Patricia Skinner | 4/7/2007 9:06:17 PM
Your new home must be built to comply with the code requirements for your area. The building requirements change as you move inland from the coast, because they are based on an area’s exposure to wind and flood. Homes closer to the coast must be built to resist stronger winds; those subject to surge and deeper flooding must be built higher. As our coastline recedes and flooding worsens due to coastal erosion, subsidence and sea-level rise, hurricane risks across South Louisiana are increasing.
How safe do you want to be, and for how long? Will today’s standards protect you from the risks you’ll face 10 or 20 years from now? You can make the choice to learn about the building code requirements that provide for greater safety and security. You can choose the level of protection you want your home to provide. Choosing to build a little higher and a little stronger now is smart. While no construction method can entirely eliminate risk, building to proven wind and flood standards can significantly reduce your home’s vulnerability to hurricane forces. And using construction dollars wisely can buy you benefits you may not realize.

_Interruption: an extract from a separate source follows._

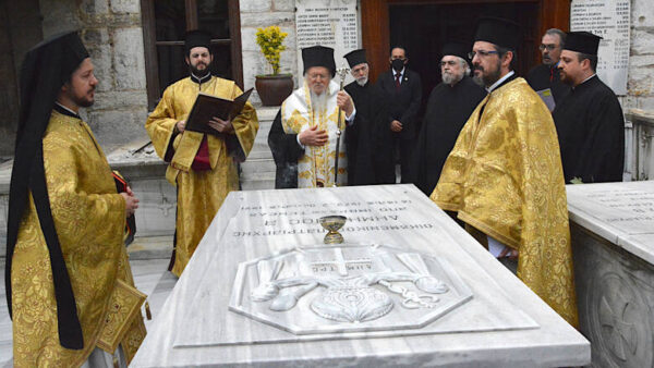 Ο Παναγιώτατος, το απόγευμα, μετέβη στην Ι. Μονή Βαλουκλή και τέλεσε Τρισάγιο στον τάφο του αμέσου προκατόχου Του αοιδίμου Πατριάρχη Δημητρίου.

Think about this… Would you rather cope with major rebuilding after a disaster, or avoid much of the destruction in the first place? If you don’t build stronger, in some ways you are choosing to raise your risk of sustaining damage. Choices you make now can help avoid the struggle of restoring or rebuilding your home after the next hurricane.
When you make the choice to build to higher standards, even when not required by the building code for your area, you are choosing to spare your family hurricane-related heartache in the future. By elevating a little more, using impact windows or shutters, or installing high-wind roofing, you will benefit down the road.